Supplied data Block Start

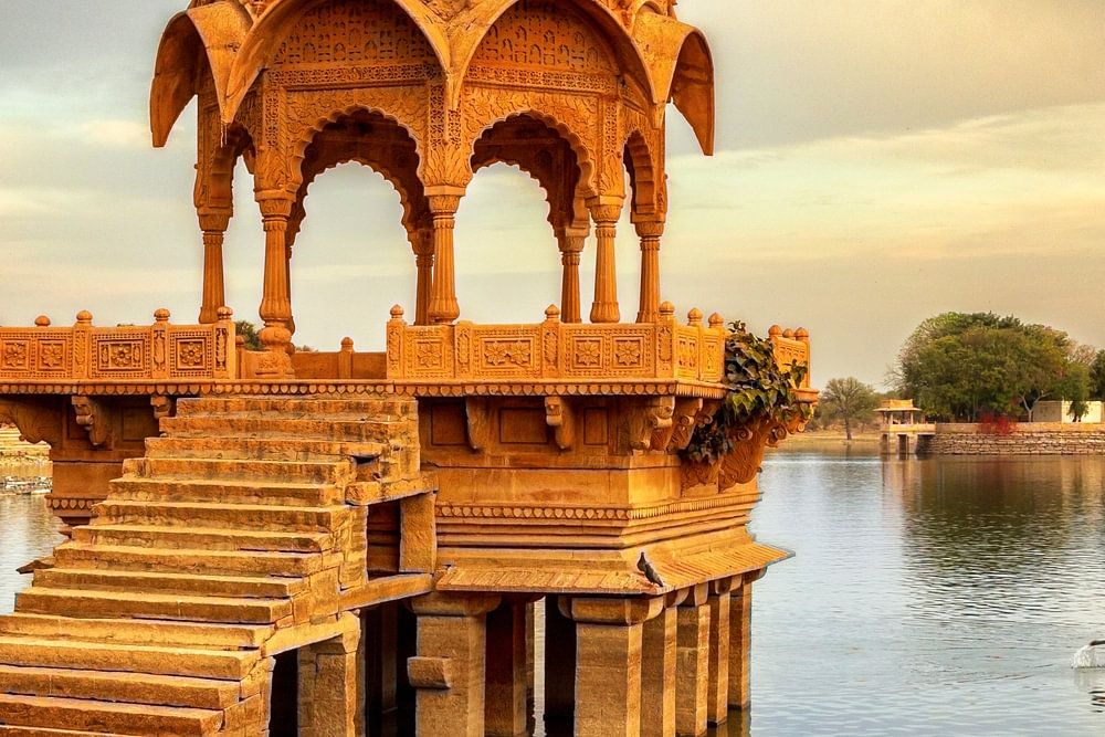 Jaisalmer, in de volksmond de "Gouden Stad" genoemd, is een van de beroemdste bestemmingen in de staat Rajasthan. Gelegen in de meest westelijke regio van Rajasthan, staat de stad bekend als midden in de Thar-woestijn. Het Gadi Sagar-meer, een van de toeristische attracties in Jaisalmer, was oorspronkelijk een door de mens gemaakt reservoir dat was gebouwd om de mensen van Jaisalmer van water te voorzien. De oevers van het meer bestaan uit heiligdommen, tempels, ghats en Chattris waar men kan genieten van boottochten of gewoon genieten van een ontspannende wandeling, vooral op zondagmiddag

Supplied data Block End
Supplied data Block Start

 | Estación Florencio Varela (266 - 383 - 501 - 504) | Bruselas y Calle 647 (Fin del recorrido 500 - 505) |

Supplied data Block End
Supplied data Block Start

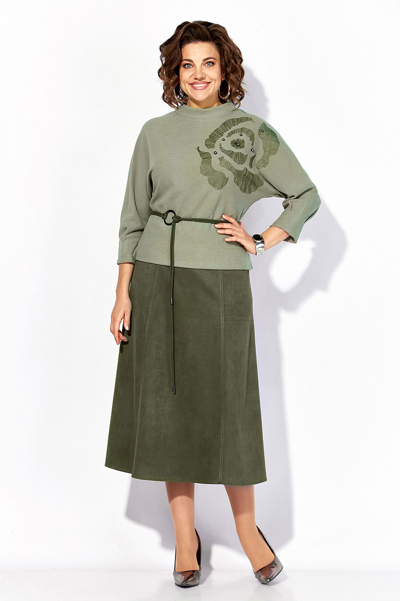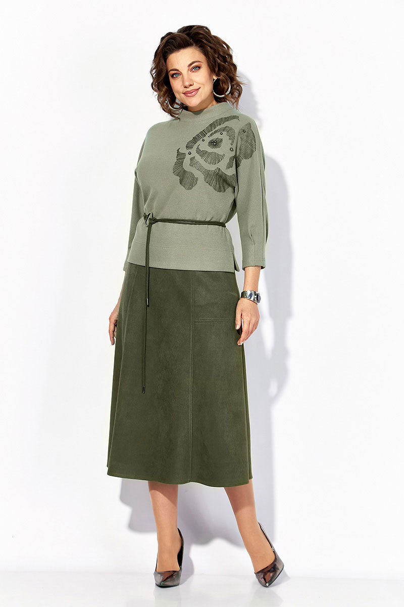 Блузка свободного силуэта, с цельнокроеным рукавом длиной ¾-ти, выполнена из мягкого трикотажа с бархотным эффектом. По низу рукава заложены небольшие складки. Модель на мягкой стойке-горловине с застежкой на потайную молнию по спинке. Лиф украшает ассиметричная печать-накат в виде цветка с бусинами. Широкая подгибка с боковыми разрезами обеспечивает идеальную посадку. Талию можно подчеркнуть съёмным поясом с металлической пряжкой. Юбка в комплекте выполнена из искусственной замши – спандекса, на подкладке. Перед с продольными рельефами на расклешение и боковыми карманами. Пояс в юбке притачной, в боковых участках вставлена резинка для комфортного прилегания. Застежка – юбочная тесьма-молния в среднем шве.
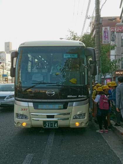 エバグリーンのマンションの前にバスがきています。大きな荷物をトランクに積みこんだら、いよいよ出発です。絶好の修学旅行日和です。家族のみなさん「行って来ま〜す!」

Supplied data Block End

Aim of the exercise:
Of the lines above, quote exactly those from the one with "Блузка свободного силуэта, с" through the one with "エバグリーンのマンションの前", ends included; pictures stay out.

Exercise solution:
 Блузка свободного силуэта, с цельнокроеным рукавом длиной ¾-ти, выполнена из мягкого трикотажа с бархотным эффектом. По низу рукава заложены небольшие складки. Модель на мягкой стойке-горловине с застежкой на потайную молнию по спинке. Лиф украшает ассиметричная печать-накат в виде цветка с бусинами. Широкая подгибка с боковыми разрезами обеспечивает идеальную посадку. Талию можно подчеркнуть съёмным поясом с металлической пряжкой. Юбка в комплекте выполнена из искусственной замши – спандекса, на подкладке. Перед с продольными рельефами на расклешение и боковыми карманами. Пояс в юбке притачной, в боковых участках вставлена резинка для комфортного прилегания. Застежка – юбочная тесьма-молния в среднем шве.
 エバグリーンのマンションの前にバスがきています。大きな荷物をトランクに積みこんだら、いよいよ出発です。絶好の修学旅行日和です。家族のみなさん「行って来ま〜す!」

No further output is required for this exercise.